Bounties for forelegs

The State’s institutional effort to kill wolves and bears included a $150 bounty for each left foreleg of wolves killed through aerial hunting.

Then-Governor Sarah Palin, along with the Alaska Department of Fish and Game called it a “State Incentive Program” that used public money to meet their yearly goal of killing 300 to 600 wolves.

Aerial photo of wolf in Yukon-Charley Rivers National Preserve.
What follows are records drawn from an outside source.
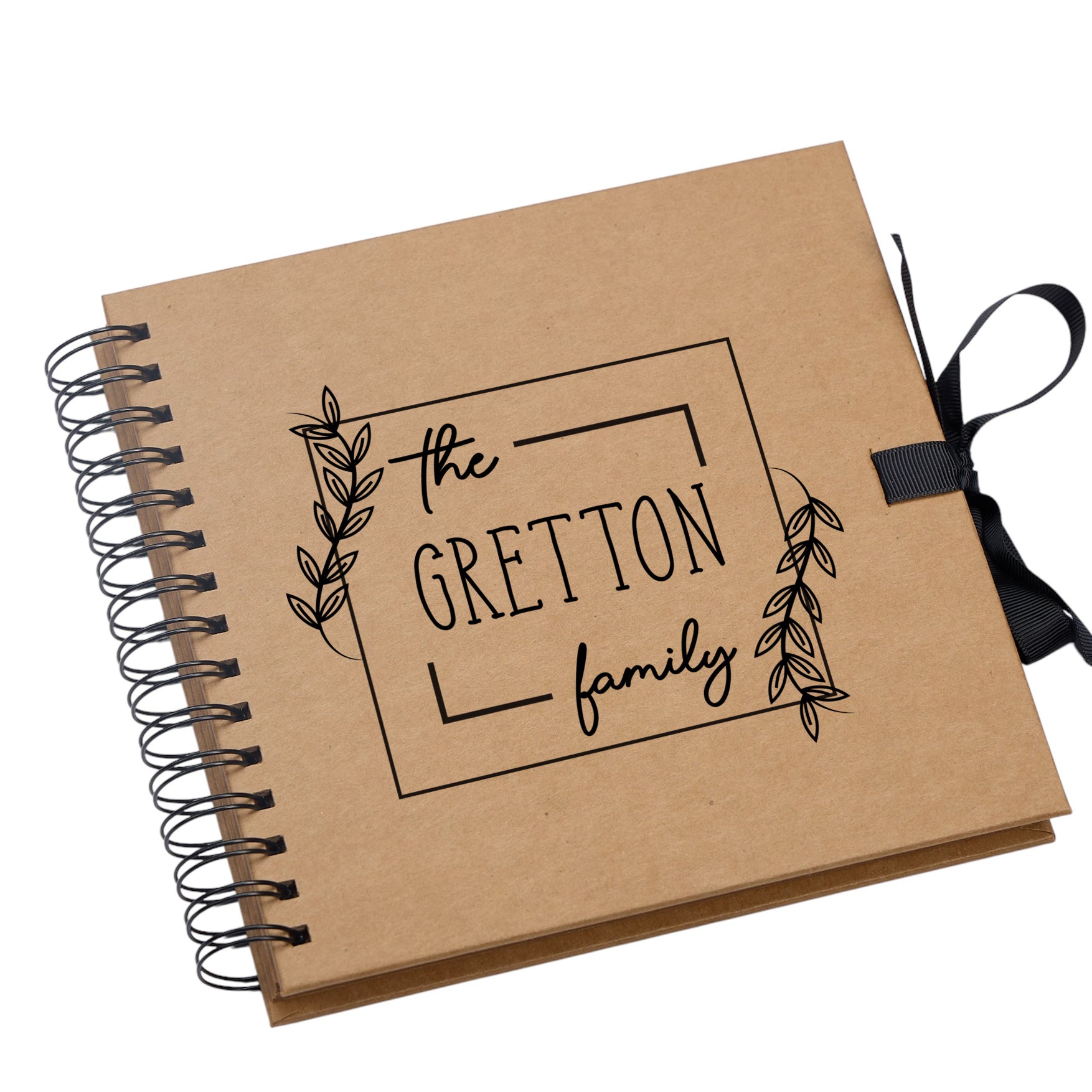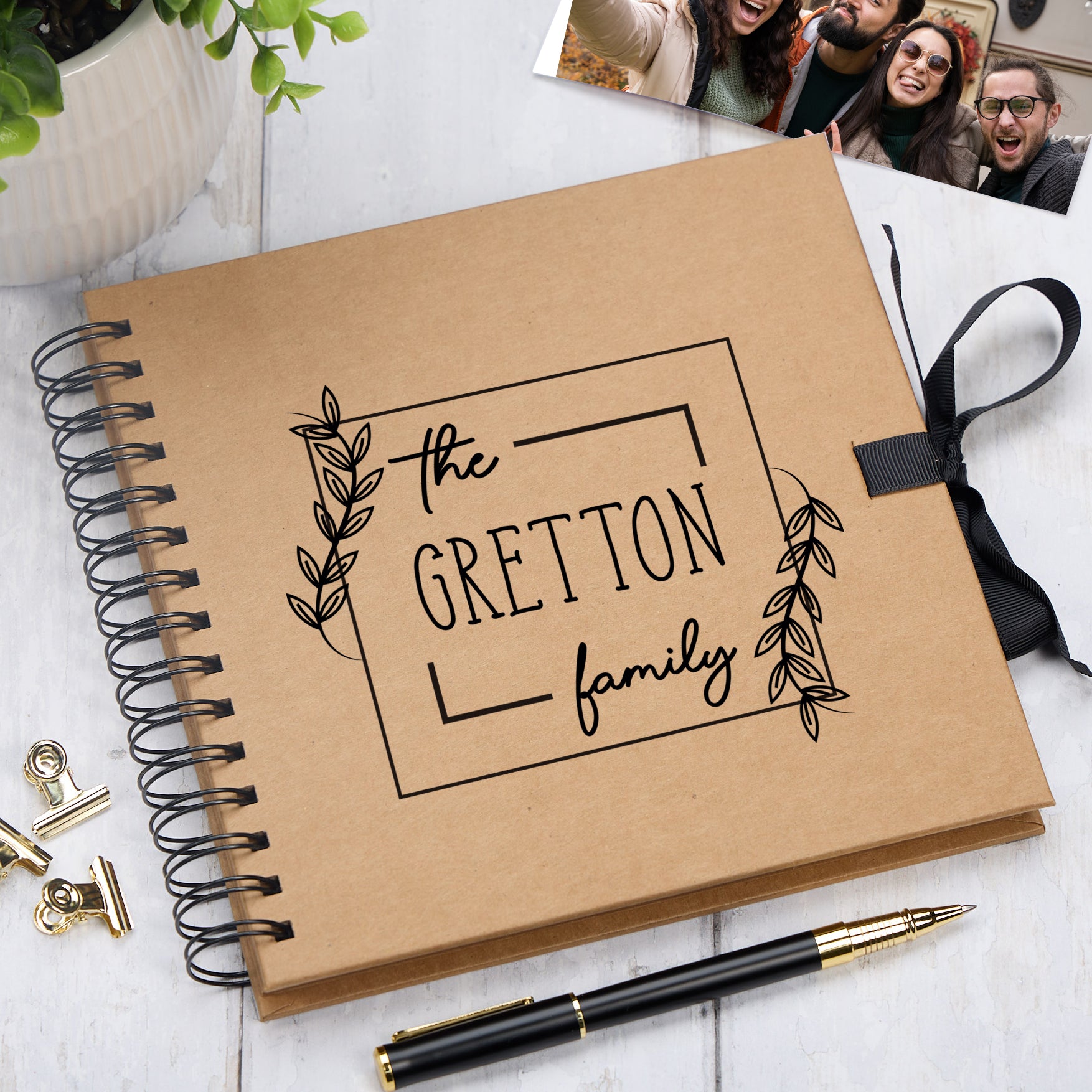 Personalised Family Name Leaf Design Brown Scrapbook Photo Album Transform blank pages into a cherished keepsake by adding various papers, embellishments, and cardstock to showcase photos, cards, and memorabilia. Easily stamp dates and add notes, or create fold-out sections and pockets for extra detail. The spiral binding accommodates thick pages, allowing for layered, dimensional designs. Crafted with high-quality, durable, and absorbent paper, this scrapbook supports glues, paints, tapes, and decorations. Perfect for preserving treasured memories, it can be personalised as a thoughtful gift or a personal project. Size: 20.3 x 20.3 cm (8 x 8 inches), 80 pages, kraft design, ideal for photos, letters and memorabilia.
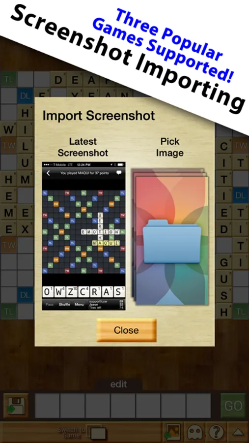 - Wow! Screenshot Importing supports Words with Friends, Scrabble Go, and Wordfeud! Even New Words with Friends is supported!
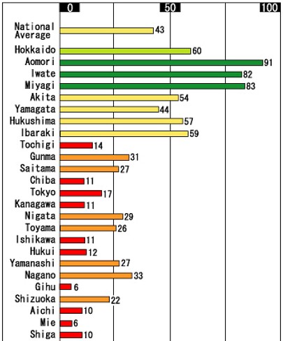 2. PROCEDURE OF CADASTRAL SURVEY(1) Survey Planning (process A, B) The municipality that is conducting the survey makes plans by contacting and adjusting with organs concerned. The municipality has to do the development of an enterprise plan, a public notice of the cadastral survey, the application of a necessary subsidy. The municipality prepares the specifications for their national land survey accordance to the standard specifications established by MILT. Then the municipality official holds a briefing on the survey's substance and necessity for local residents. (2) Basic control point survey The Geographical Survey Institute maintains the 1st to 3rd order control points as the national geodetic control point network. The network is not dense enough for the cadastral survey. The Geographical Survey Institute settles the 4th order basic control point based on the network with the request from municipalities. (3) Geographical control point survey (process C, D) Settle the topographic control point, which is the basic reference of survey. As process C, the triangle survey or the GPS traverse survey is done based on the 4th order basic control points. As process D, the traverse survey mainly using the total station based on the points from process C. Some case, aerial triangulation method is taken to settle these points. (4) The Parcel Investigation (process E) Landowners clarify their own land boundaries for Cadastral Survey. The municipality official in charge visits the actual place referring to data based on an old recorded map etc. The landowners concerning the boundary confirm their land boundaries with mutual agreement. The municipality official also investigates the landowner, parcel number, type of land and so on. Then they put piles along the boundary after the confirmation. The piles display the settled boundaries for each parcel of land. (5) Boundary Survey (process F, G) As process F, surveyors settle the dense topographic control point, and survey to determine the position on earth for each parcel. As process G, after determining the position for each parcel, surveyors make the accurate map (cadastral map) based on each results and measure the dimension. (6) Making Cadastral Record (process H) Integrating results of the Parcel Investigation and Boundary Survey, municipality officials make a draft of cadastral record. The record and map are displayed to the public for 20 days at the municipality. Every person can confirm the results of the cadastral survey. The municipality who has conducted the national land survey may request the president of prefecture to certify the maps and records. The president when he/she has received the request certifies products according to the examination into the products of the national land survey related to the request, unless the products contain a mistake committed in the course of survey in excess for the limit provided for by Cabinet Order. The MLIT obtain in advance the approval of the President. (7) Submit the product of Cadastral Survey to registry office The copies of Cadastral Survey product (the cadastral map and the cadastral record) are submitted to the registry office. The land registry book is revised according to the cadastral record and the old maps are replaced with the new cadastral map officially kept at the registry office. The registry office uses the product of the Cadastral Survey as a material of Immovable Registration in the future. 3. PROGRESS RATE OF CADASTRAL SURVEYCadastral Survey has been conducted since 1951 when National Land Survey Law was established. National Land Survey has been carrying out in accordance with the fourth Ten-Year National Land Survey Plan (fiscal year 1990 to 1999) on the basis of the Act on Special Measures for Promotion of National Land Survey until the end of fiscal year 1999. The progress rate of Cadastral Survey after the fourth plan finished (at the end of fiscal year 1999) stay only 43% of survey-required area and 17% for the urban area. Looking at the progress rate of each prefecture, we can see variation from region to region. Fig. 2 Progress rate
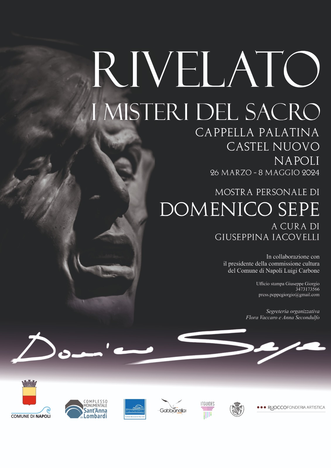 Il 26 marzo 2024 alle ore 11:00 anteprima stampa e presentazione e alle ore 18:00 inaugurazione e apertura al pubblico, presso la Cappella Palatina del Castel Nuovo di Napoli della mostra ‘Rivelato – I misteri del sacro’ del maestro Domenico Sepe.
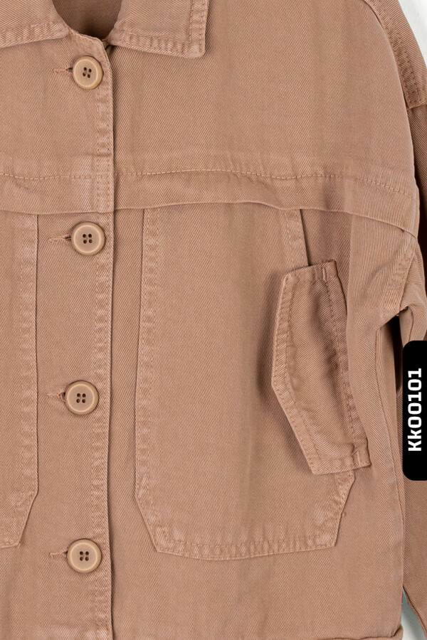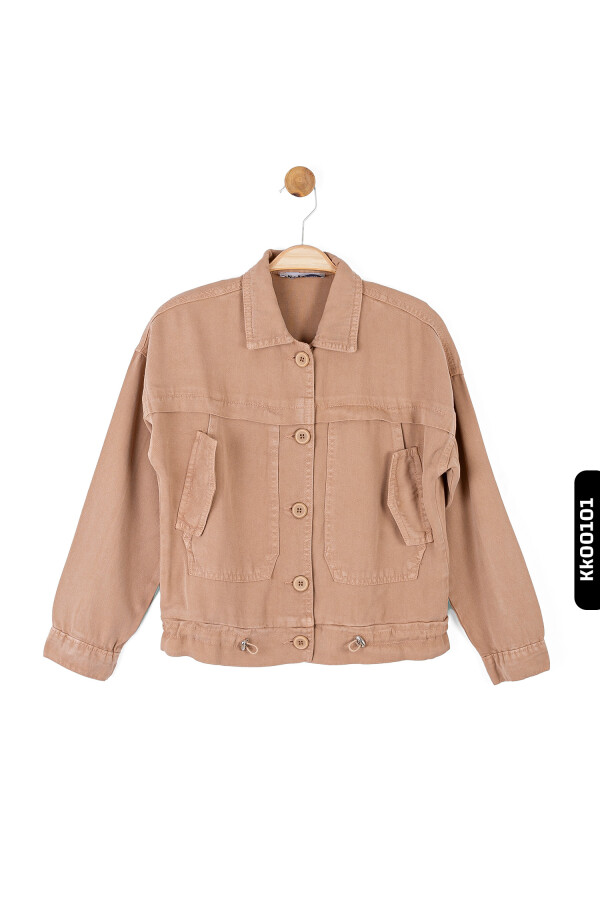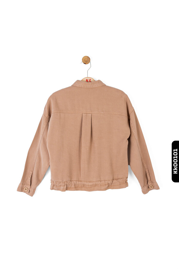 Sivri Yakalı Çift Kapaklı Cepli Düğmeli Kız Çocuk Gömlek 8-14 Yaş 36707 Vizon - 4
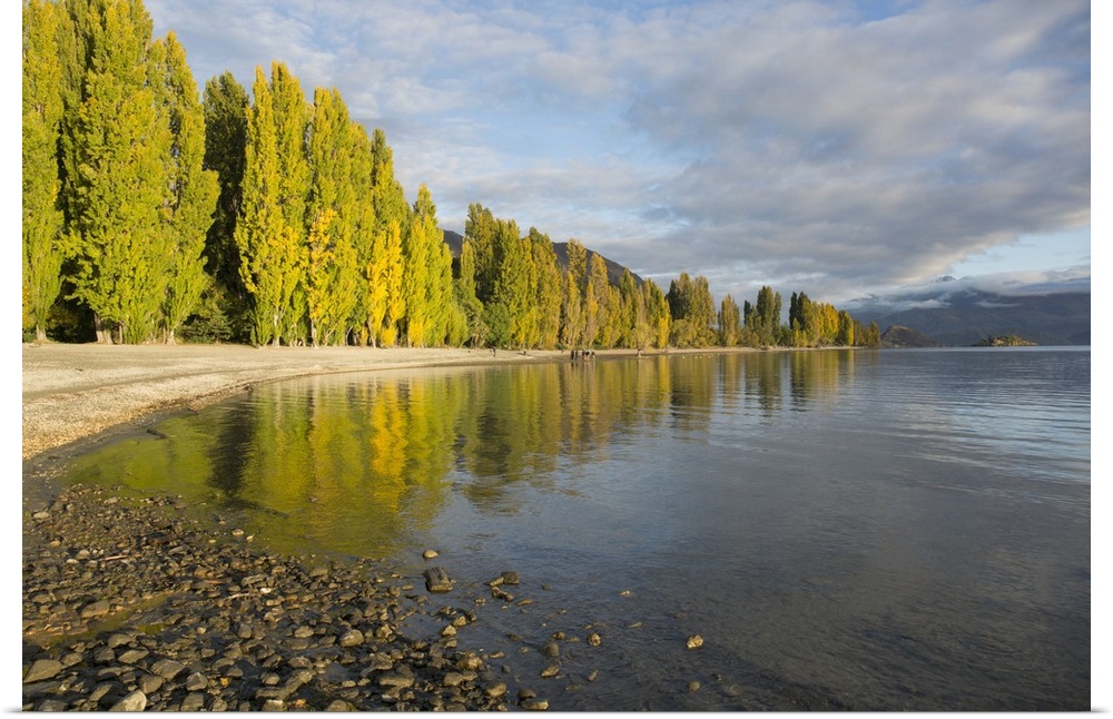<p>View along the shore of tranquil Lake Wanaka, autumn, Roys Bay, Wanaka, Queenstown-Lakes district, Otago, South Island, New Zealand, Pacific</p>
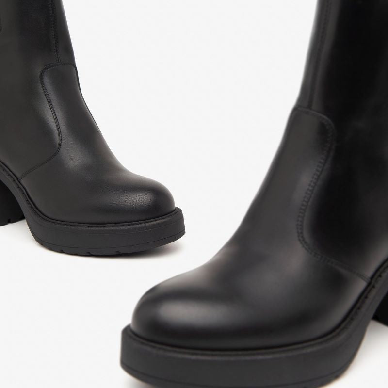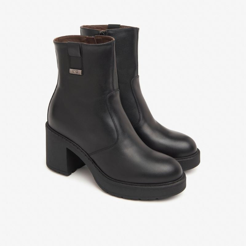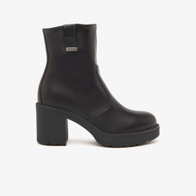 Il tacco largo da 8 cm garantisce slancio e stabilità, mentre la comoda zip laterale facilita la calzata. La tomaia minimal è impreziosita da una piccola placchetta metallica con logo NG, discreta e luminosa. Il fondo in gomma con grip antiscivolo assicura una camminata sicura e confortevole.
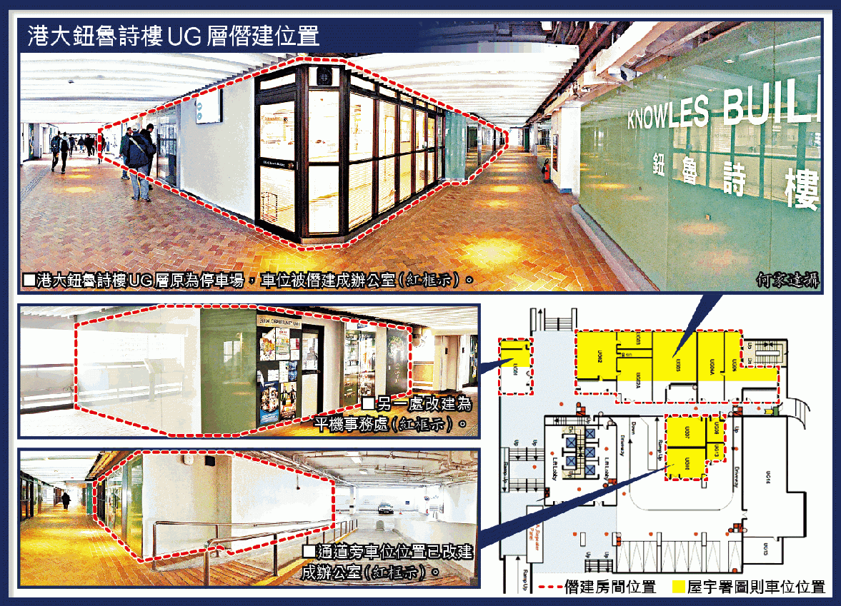 【本報訊】香港最高學府也加入僭建行列,位於香港大學圖書館及梁銶琚大樓之間的鈕魯詩樓UG層原為停車場,現時被改建為多個辦公室,估計樓面面積約6,000呎;屋宇署確認有關工程屬僭建,須予以取締,將向香港大學發出清拆令。有港大老臣子表示,有關工程「起碼廿年」;港大回應指,已委聘認可人士檢視有關樓層,有必要時會改動,但未有回應於何時改建。
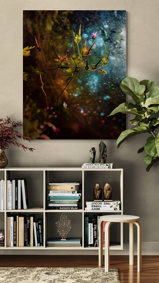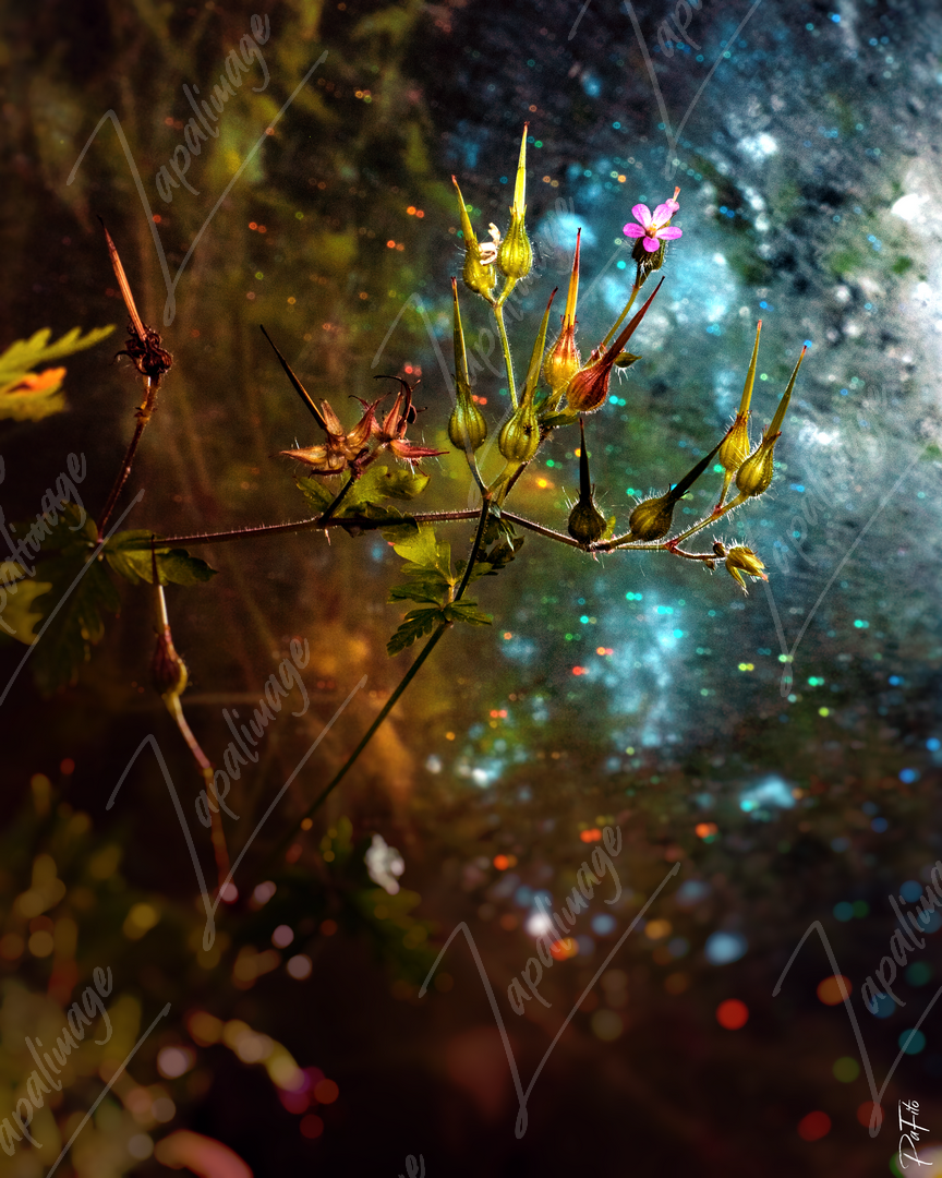 Fleur d'oxalis survole l'eau.
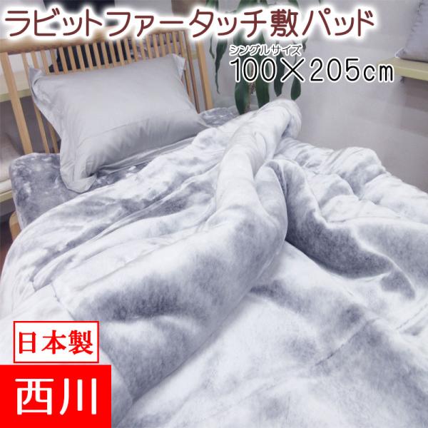 京都西川 日本製 高級ドビー織りワッフル敷きパッド シングルサイズ 100×205cm 綿100%/ポコポコ/国産/コットン/4隅ゴム付/天然素材/夏用/ワッフル/西川
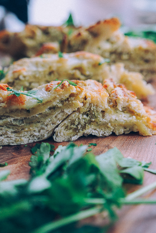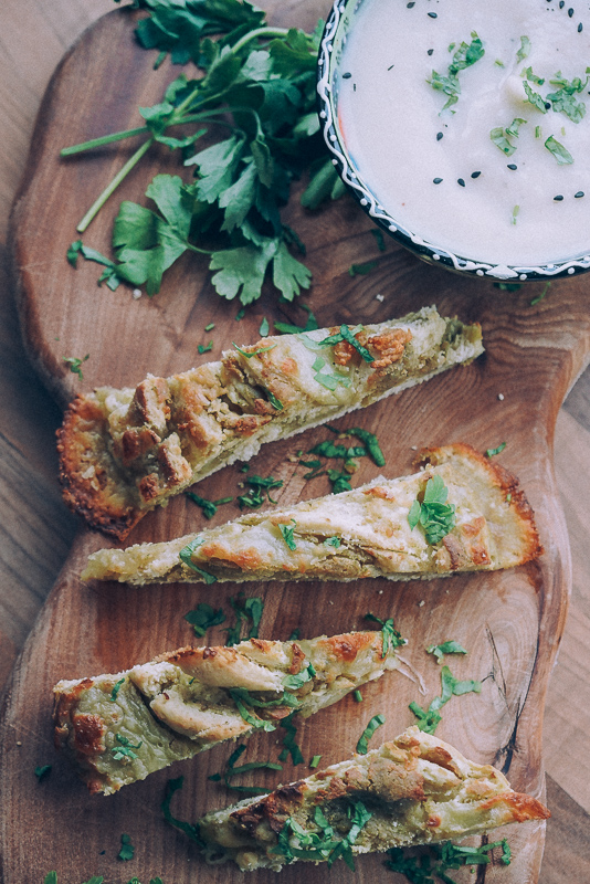 This is all amigos! I just had a few slices of this pesto bread with my cauliflower soup. Below are the bread recipe and some ideas to fill it with. You could also bake this bread alone in small portions, without any filling. Enjoy the process!
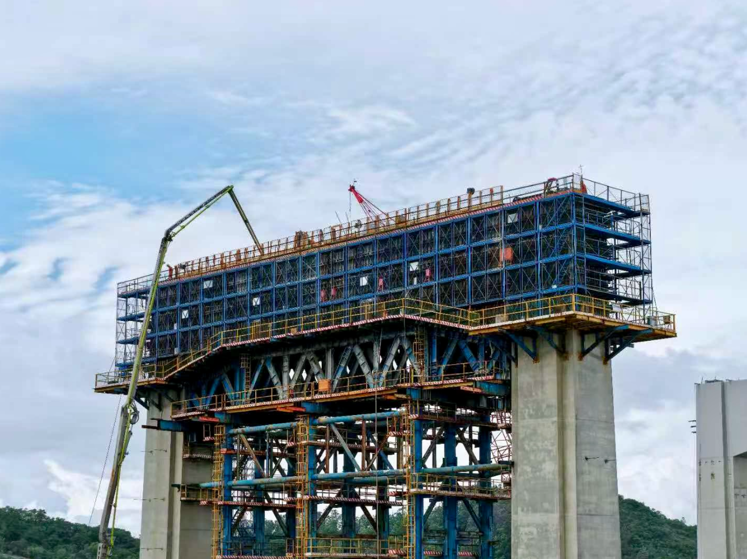 西高墩区引桥盖梁钢筋布置复杂,单片盖梁混凝土浇筑方量达1300多立方米,为此,项目团队采用BIM建模技术,开展碰撞模拟分析,提高施工质量及效率。针对大体积混凝土控裂难题,项目研发了全自动智能温控系统及可视化监测平台。下阶段,西高墩区引桥将进行顶推支架施工,为上部结构钢桁梁顶推施工做前期准备。

Photo by NPS

To avoid the fact that the Legislature had repealed all statutory authority to grant bounties in 1984, they claimed that the Department could use the collected forelegs to draw scientific conclusions about the wolf population.

Trustees for Alaska went to court in 2006 to challenge the program, and later filed a motion in the case seeking a temporary restraining order to stop this practice.

The Court halted the State’s payment of bounties for wolves but found in favor of the State on the issue of sustained yield, a decision that was appealed. (“Sustained yield” is a term that refers to the management of fish, wildlife, and other natural resources at a rate that ensures their long-term availability without depleting the resource, as mandated by the Alaska Constitution.)

Trustees filed a brief in the Alaska Supreme Court again in 2009 challenging the Palin administration’s predator control programs and claiming that they violated the Alaska Constitution.

“The Board’s predator reduction programs represent the antithesis of science-based wildlife and habitat management principles that should be followed,” remarked Mike Frank in a 2009 Trustees’ newsletter.

He further pointed out how these programs opened up nearly all state lands to non-resident and commercially guided sport hunting of moose and caribou, only to blame wolves and bears rather than trophy and sport hunters for what the State claimed were low populations of moose and caribou.

Unfortunately, the Court found that the Board of Game’s management decisions were within the bounds of the law in 2010, maintaining the legality of similar predator control plans on state lands to this day.

The infinite horizon

Even now, a decade later, Trustees keeps working on many of these issues, with recent court actions helping to defend EPA’s veto of the Pebble mine project and a recent rulemaking decision by the National Park Service, prompted by our litigation, that bans bear-baiting on National Preserve lands.

Whatever the wins, losses, and unresolved issues of its day, the fourth decade encapsulates so much of Trustees’ determination and scope of work. The fifth decade brought closure and renewal on some issues, as well as the ongoing threat of massive, potentially catastrophic project proposals like Pebble.

The throughline remains the same—by using its legal expertise in collaboration with clients and partners, Trustees for Alaska is helping create a future where land, water, animals, and people can continue thriving together for generations to come.